Glycemic changes after vitamin D supplementation in patients with type 1 diabetes mellitus and vitamin D deficiency
Khalid S. AljabriAF0001
Somoa A. BokhariAF0001
Murtadha J. KhanAF0001
From the Division of Endocrinology, Department of Medicine, King Fahad Armed Forces Hospital, Jeddah, Saudi Arabia
Correspondence: Correspondence: Dr. Khalid Aljabri, · Division of Endocrinology, Department of Internal Medicine, King Fahad Armed Forces Hospital, Jeddah, PO Box 6572, Makkah, Saudi Arabia · T: +966-590-008035 F: +966-2-576-0665 · khalidsaljabri@yahoo.com

Type 1 diabetes mellitus results from cellular-mediated autoimmune destruction of the beta cells of the pancreas.1 Serum 25-hydroxyvitamin D (25-OHD) concentrations are largely determined by environmental factors, mainly through vitamin D intake and ultraviolet exposure. The sun is the primary source of vitamin D, which is synthesized endogenously in skin to produce cholecalciferol (vitamin D3), although a small proportion (<20%) of vitamin D comes through diet from a limited range of foods (in the form of ergocalciferol [vitamin D2] and vitamin D3).2 The main marker of vitamin D status is the metabolite 25-OHD, which is synthesized in the liver.3, 4

A relationship between type 1 diabetes mellitus and vitamin D deficiency has been reported.5, 6 The prevalence of vitamin D deficiency in patients with type 1 diabetes was 15% to 90.6%.79 There is evidence that vitamin D is important in the prevention of islet cell death and might be useful in improving the survival of islet cell grafts, and it improves the production of insulin. Low vitamin D levels were shown to have a negative effect on beta-cell function.3, 4 Regular doses of vitamin D early in life have been shown to reduce the risk of developing type 1 diabetes.5 Vitamin D treatment has also been shown to improve glycemic control and insulin sensitivity in people with type 1 and type 2 diabetes and in normal individuals. Increasing vitamin D levels from 25 to 75 nmol/L results in a 60% improvement in insulin sensitivity.3, 4, 1012 These effects have been mainly attributed to the immunomodulatory actions of vitamin D.5

We conducted a prospective, nonblinded and nonrandomized controlled trial to test the hypothesis that vitamin D supplementation would improve glycemic control in patients with type 1 diabetes who are vitamin D deficient.


PATIENTS AND METHODS

Patients aged more than 12 years who had type 1 diabetes mellitus were eligible.1 Exclusion criteria were a history of liver disease, abnormal renal function, current use of vitamin D or calcium and pregnancy or breastfeeding. The doses of insulin were adjusted during the study. All patients were recruited from the King Fahad Armed Forces Hospital Diabetes Centre between January 2008 and June 2009. All patients gave their or their guardians’ informed consent prior to inclusion. The study was approved by the ethical board of King Fahad Armed Forces Hospital. Eligible patients met the investigators 4 weeks before the start of the study for a complete history and physical examination and to have baseline laboratory assessments, including glycosylated hemoglobin, 25-OHD, calcium, phosphorus, magnesium and parathyroid hormone. The serum level of 25-OHD was measured by competitive protein-binding assay using appropriate kits (Immunodiagnostic, Bensheim, Germany). Glycosylated hemoglobin was measured using high-performance liquid chromatography.

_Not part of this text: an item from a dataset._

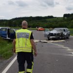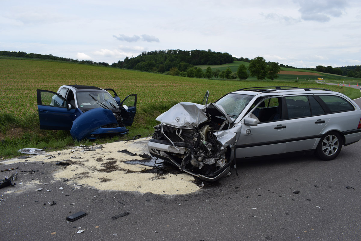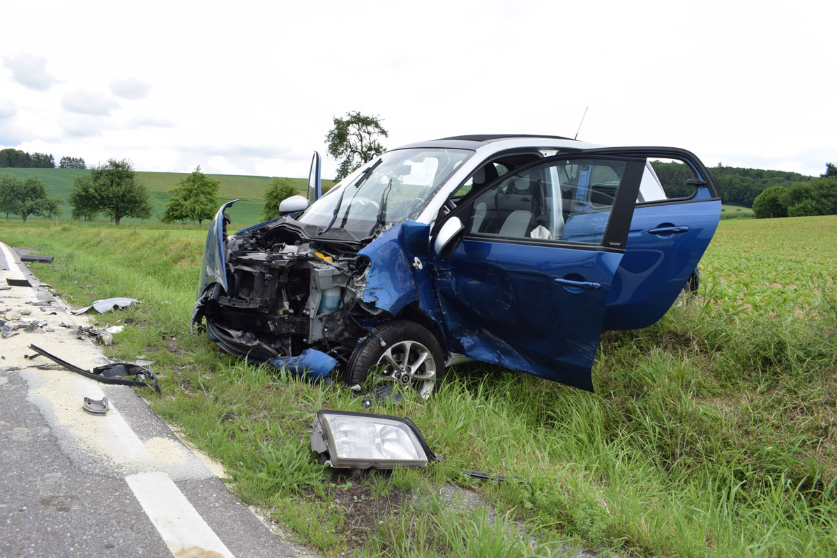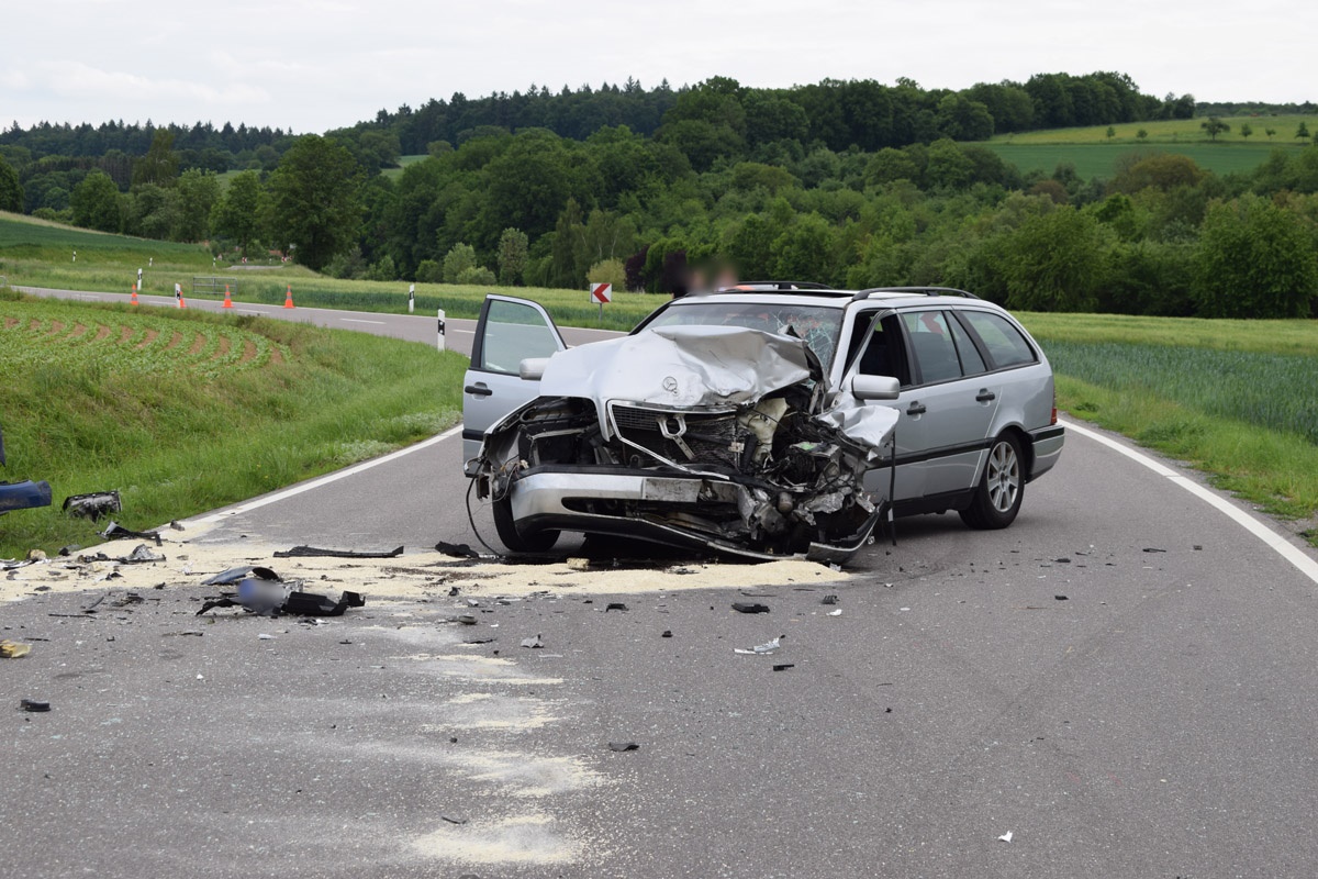 L530 / Helmstadt-Bargen. (pol) Am Montagnachmittag, gegen 16.45 Uhr, befuhr eine 23-jährige Frau mit ihrem Smart die L530 von Wollenberg kommend in Richtung Bargen. In einer langgezogenen Linkskurve kam ihr ein 18-jähriger Mercedes-Fahrer entgegen. Aus bislang unbekannter Ursache geriet der 18-Jährige auf die Gegenfahrbahn und kollidierte frontal mit der 23-Jährigen. Durch den Zusammenstoß drehte sich der Mercedes und kam mittig auf der Fahrbahn zum Stillstand. Der Smart wurde in Fahrtrichtung nach rechts von der Fahrbahn abgewiesen und landete im Straßengraben. Hinter dem Mercedes fuhr ein 18-jähriger junger Mann mit seinem VW. Um eine Kollision mit den beiden Unfallfahrzeugen zu vermeiden wich er nach rechts aus, überfuhr einen Straßenpfosten und kam im angrenzenden Acker zum Stillstand. Der Unfallverursacher wurde lediglich leicht, die Fahrerin des Smarts schwer, jedoch nicht lebensgefährlich verletzt. Sie kam mit einem Rettungswagen in ein Krankenhaus. Der VW-Fahrer blieb unverletzt. Der Mercedes wie auch der Smart wurden total beschädigt und mussten abgeschleppt werden. Es entstand ein geschätzter Sachschaden von insgesamt 17.000.- Euro, davon ca. 1.000.- Euro an dem VW. Vor Ort befanden sich zwei RTW, ein Notarzt, die Freiwilligen Feuerwehren aus Helmstadt, Flinsbach und Bargen mit 28 Einsatzkräften sowie ein Rettungshubschrauber. Der Rettungshubschrauber wurde vorsorglich alarmiert, musste jedoch keinen der Beteiligten transportieren. Während der Verkehrsunfallaufnahme musste die L530 im Bereich der Unfallörtlichkeit bis ca. 18.50 Uhr vollgesperrt werden. Der Verkehr wurde örtlich umgeleitet. Es ergaben sich nur geringfügige Verkehrsbeeinträchtigungen.

Vitamin D deficiency was defined as a 25-OHD level of less than 50 nmol/L.13 At entry into the study, patients having 25-OHD <50 nmol/L were assigned to receive 4000 IU of vitamin D and a total calcium intake of 1200 mg/d. All patients continued their current doses of insulin. The endpoints for glycemic control and vitamin D status were comparison of the glycosylated hemoglobin and 25-OHD levels at the beginning and at 12 weeks. Serum 25-OHD tertiles were defined as follow: first tertile (<35.4 nmol/L), second tertile (35.4-51 nmol/L) and the third tertile (>51 nmol/L). Glycosylated hemoglobin tertiles were defined as follows: first tertile (<7.8), second tertile (7.8-9.9%) and the third tertile (>9.9%).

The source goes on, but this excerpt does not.